• _Your assignment_: Once the line holding "27 mm Coin Bezel" is found in the entries below, transcribe exactly every line up to and including the one holding "ステップ3-次に、必要に応じ", but leave out the pictures.

• _Exercise data_:
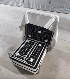 Rivestimento in pelle bianca rimovibile e struttura rigida in ferro.
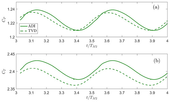 Thrust and power coefficients are functions of the upstream conditions through the Froude number used in calculation; therefore, and are modulated by the tidal cycle. Thrust and power coefficients time series were obtained from both models using a fence configuration constituted by turbines with a relatively large blockage ratio (). The time series from an tidal cycle and taken from the middle of the channel, where the array was deployed, are shown in Figure 3a,b. and time series present two maximum values that correspond to maximum flood tide and maximum ebb tide velocities. Comparison between the solutions obtained from the models indicate that ADI produces slightly higher magnitudes of () and () than TVD’s and . Time-average of and obtained from ADI and TVD are consistent with LMADT-OCH analytical model and they indicate upper limits for these coefficients.
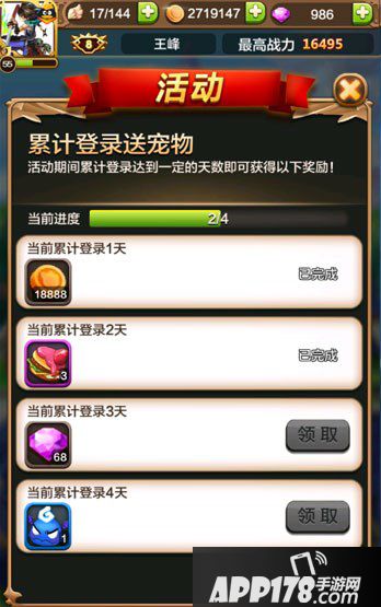 累计登陆2天——汉堡*3(高级的食物,可以提供2500点经验值)
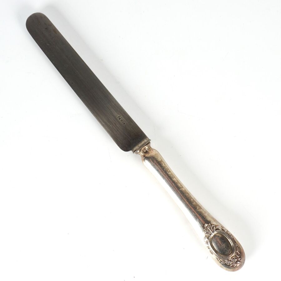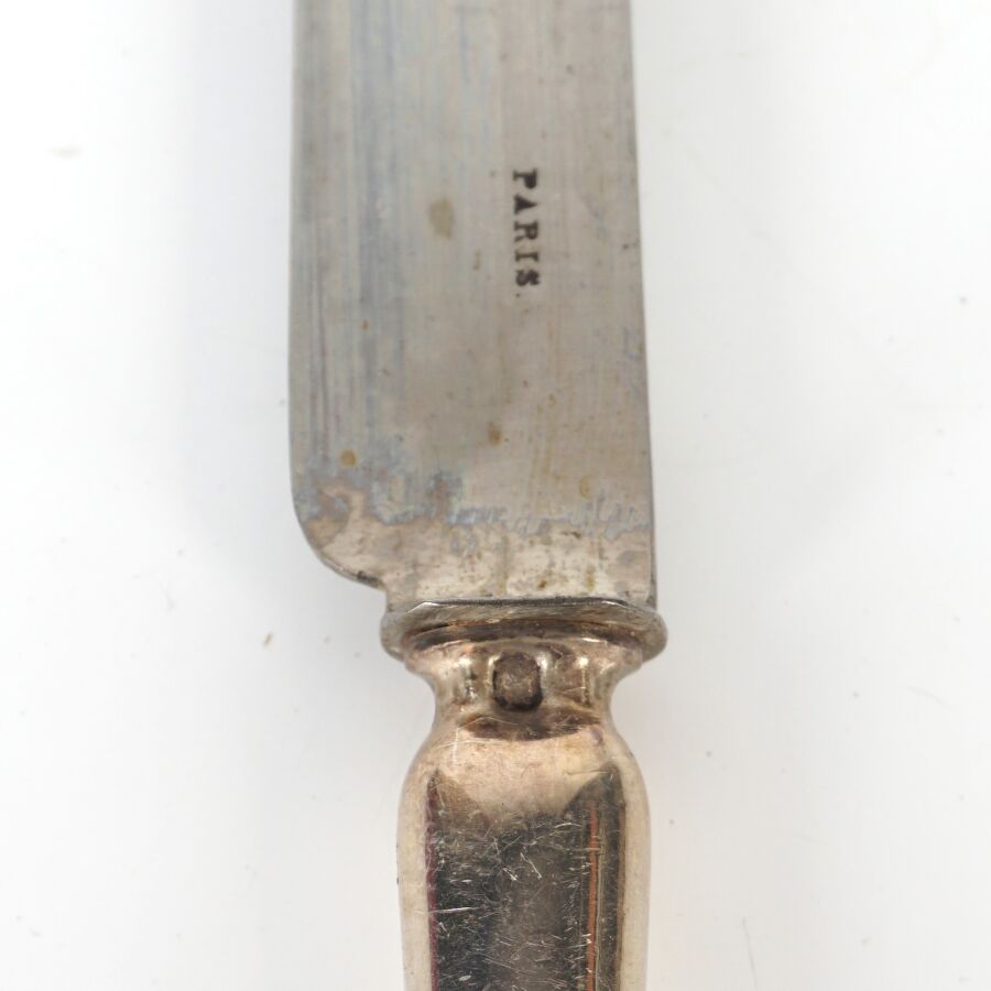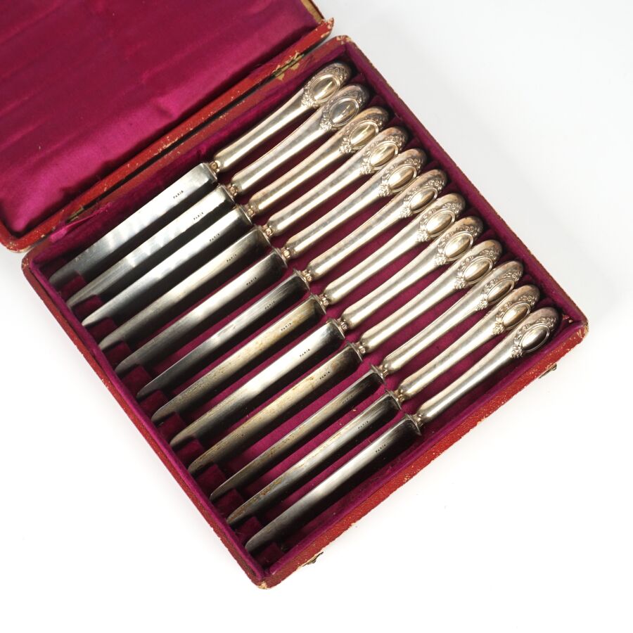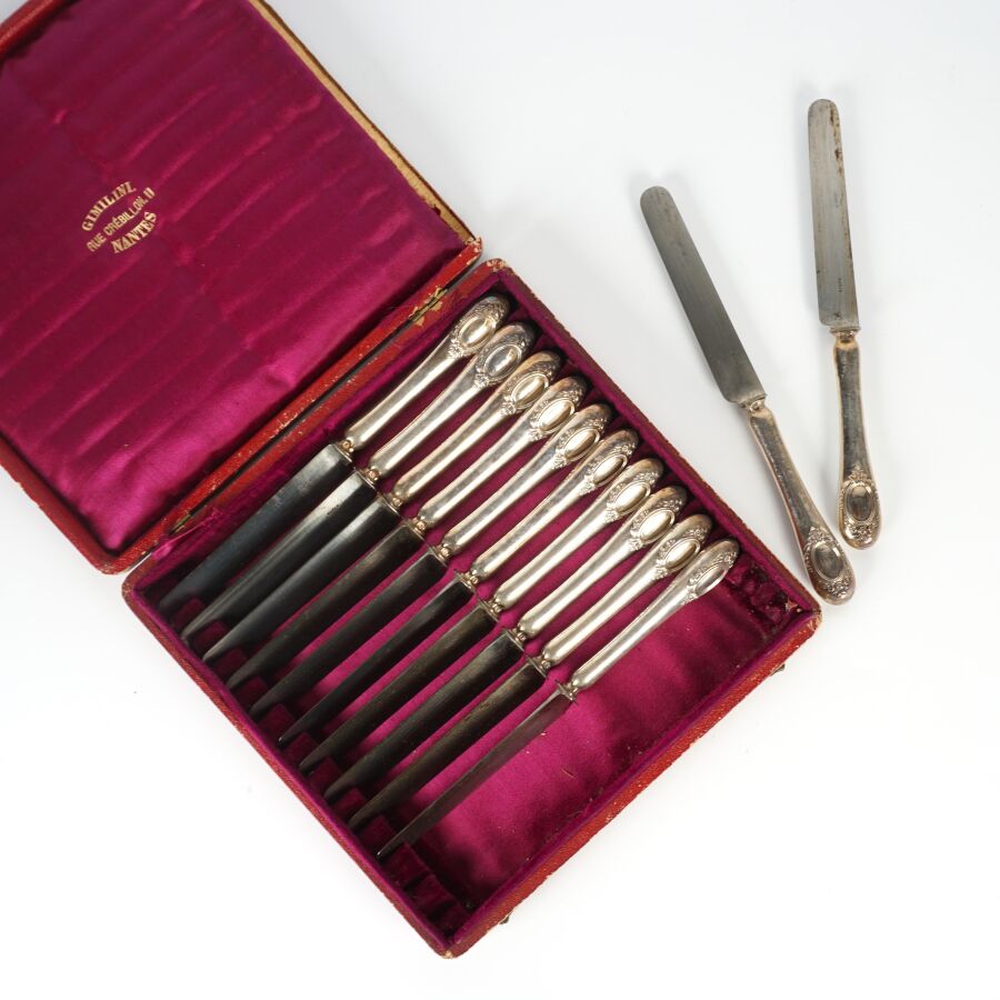 GIMILINI - NANTES : Suite de 12 couteaux, manche en argent fourré, poinçon Minerve 1er titre, lame en acier, présentée dans leur coffret d'origine, L. 20.5 cm.
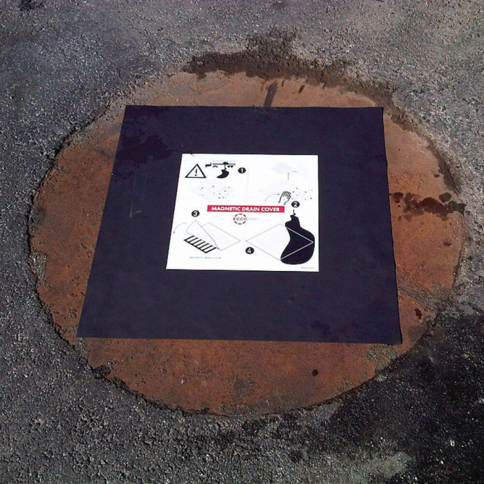 Preden namestite magnetni pokrov odtoka na odtok, se prepričajte, da zgornja površina odtoka ni umazana. Zelo učinkovit je pri nanašanju na ravne in gladke površine (na industrijskih objektih, cestah ipd.). Njegov oprijem na tla je okrepljen s hidrostatičnim tlakom ujete tekočine nad njim.
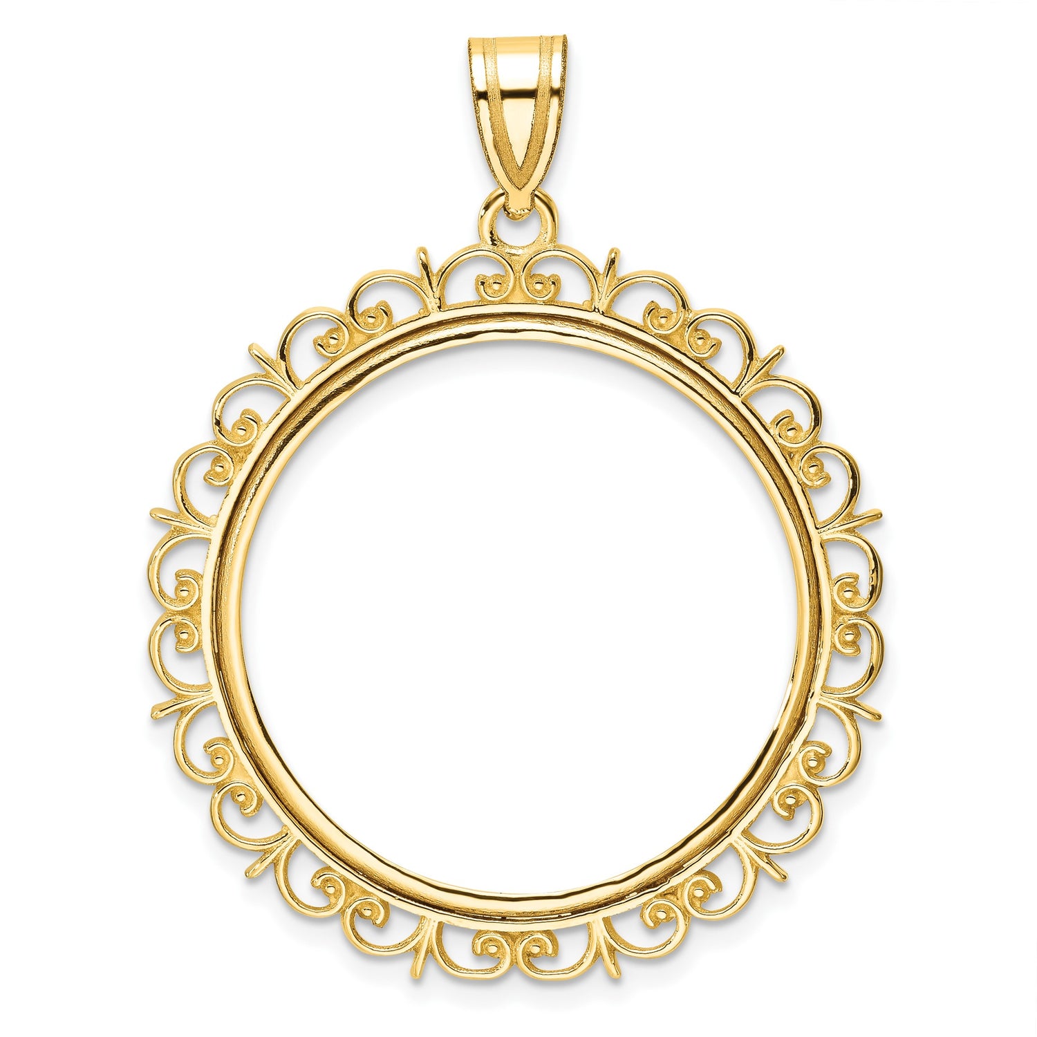27 mm Coin Bezel Pendant Prong Set Ornate Border in 14k Yellow Gold
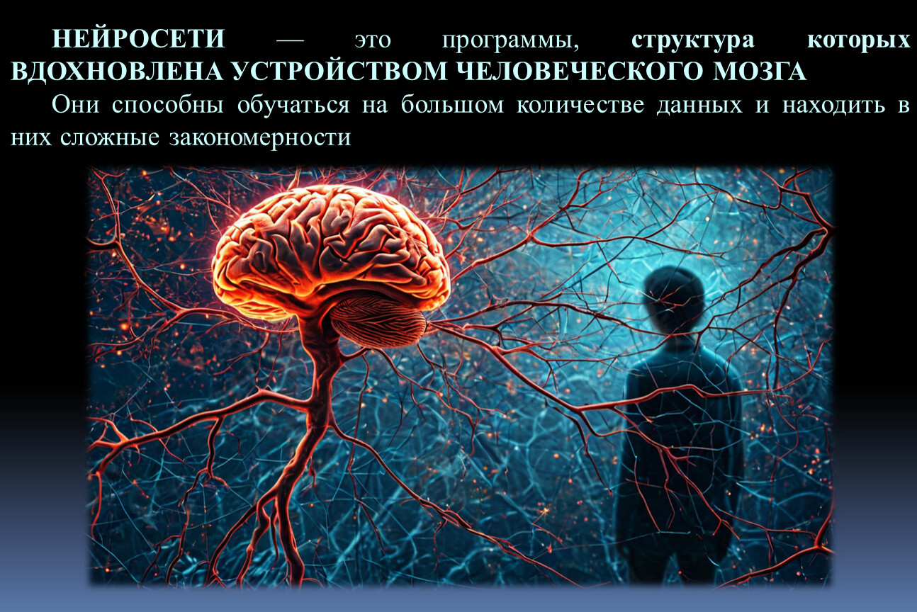 НЕЙРОСЕТИ — это программы, структура которых ВДОХНОВЛЕНА УСТРОЙСТВОМ ЧЕЛОВЕЧЕСКОГО МОЗГА
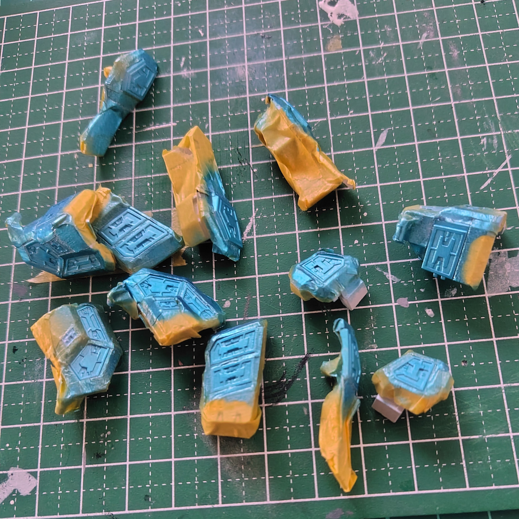 塗装でも思ったほどラクではなく、これだけガッチリとマスキングしても貼り残しがあったのか、何箇所か色がはみ出ていました。また羽のパーツはモールドが浅かったので、主要なモールドを掘り直しました。
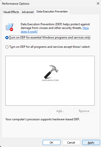 ステップ3-次に、必要に応じて、必須のWindowsプログラムとサービスのみでDEPをオンにするか、すべてのプログラムのDEPをオンにします。
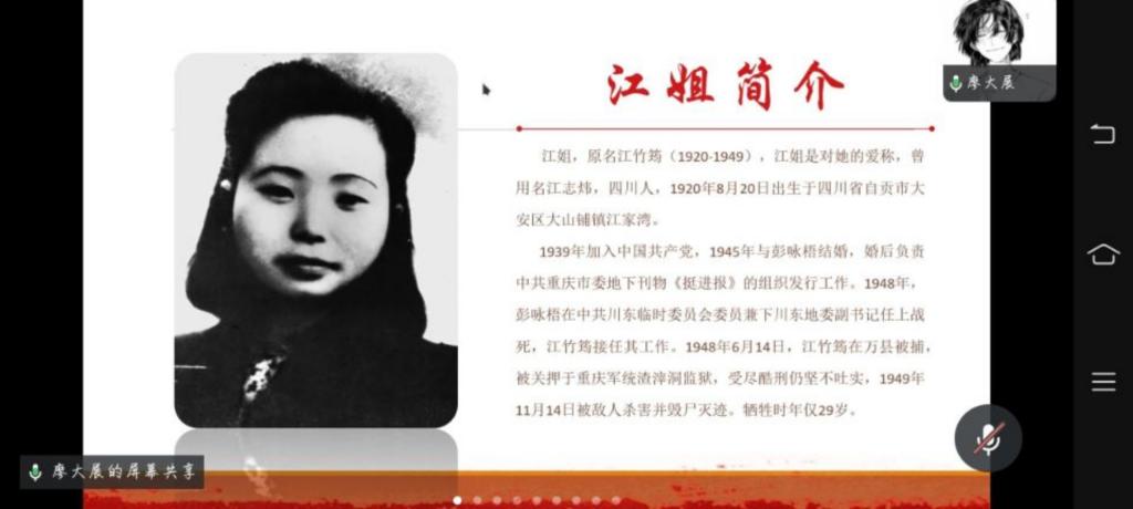 在党员服务站全体成员的充分准备下,分享活动于3月29日21:00准时在企业微信召开。同学们通过在网上收集红色故事,红色人物事迹,并制作PPT在分享会上展示,共同领略时代先锋们的风采,学习先辈们的伟大精神。其中取得优异成绩的廖大展同学分享了中国革命烈士——江姐的故事,同时也发表了他个人感悟。观众们受到红色人物的魅力感染,号召同学们学习先辈,向着未来不断前进。更要满怀感激的心情,永生铭记老一辈共产党人为民族独立、人民解放英勇斗争的革命精神;要沿着老一辈共产党人留下的脚印,发扬“八一”精神,用实际行动来体现共产党员先进性;要继承老一辈共产党人优良传统,为国家、为人民贡献毕生力量。通过本次线上分享会,同学们充分理解到革命胜利的来之不易,大家应当以革命先辈为榜样,继承先辈们矢志不渝的精神,结合自身实际行动,继续传承发扬红色精神。最后,工作人员评选出优秀分享者,并为获奖者颁发了奖状。
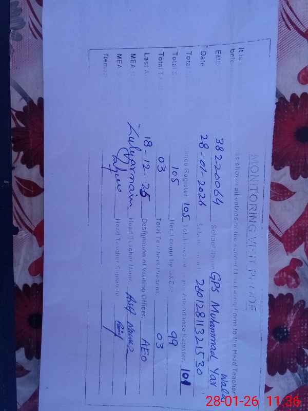 | EMIS Code: 38220064 | Name of School: GPS MUHAMMAD YAR WALA | |||
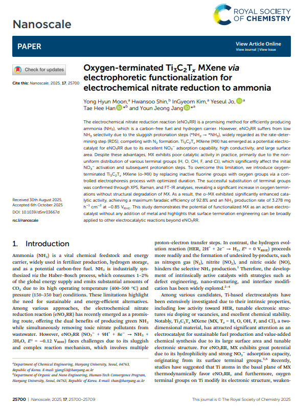 [장윤정교수 연구실] Oxygen-terminated Ti3C2Tx MXene via electrophoretic functio...
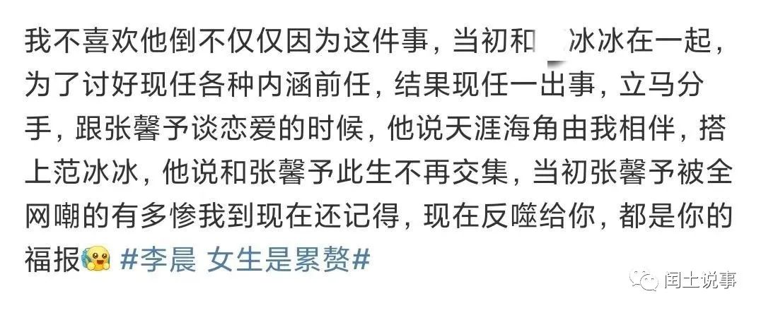 有网友表示,不喜欢李晨并不仅仅只是因为说女生是累赘这件事,当初他和冰冰在一起的时候为了讨好现任就各种内涵前任,结果现任一出事就立马分手了。如今全部都反噬回来了,这些都是李晨的“福报”。

• _Answer below_:
27 mm Coin Bezel Pendant Prong Set Ornate Border in 14k Yellow Gold
 НЕЙРОСЕТИ — это программы, структура которых ВДОХНОВЛЕНА УСТРОЙСТВОМ ЧЕЛОВЕЧЕСКОГО МОЗГА
 塗装でも思ったほどラクではなく、これだけガッチリとマスキングしても貼り残しがあったのか、何箇所か色がはみ出ていました。また羽のパーツはモールドが浅かったので、主要なモールドを掘り直しました。
 ステップ3-次に、必要に応じて、必須のWindowsプログラムとサービスのみでDEPをオンにするか、すべてのプログラムのDEPをオンにします。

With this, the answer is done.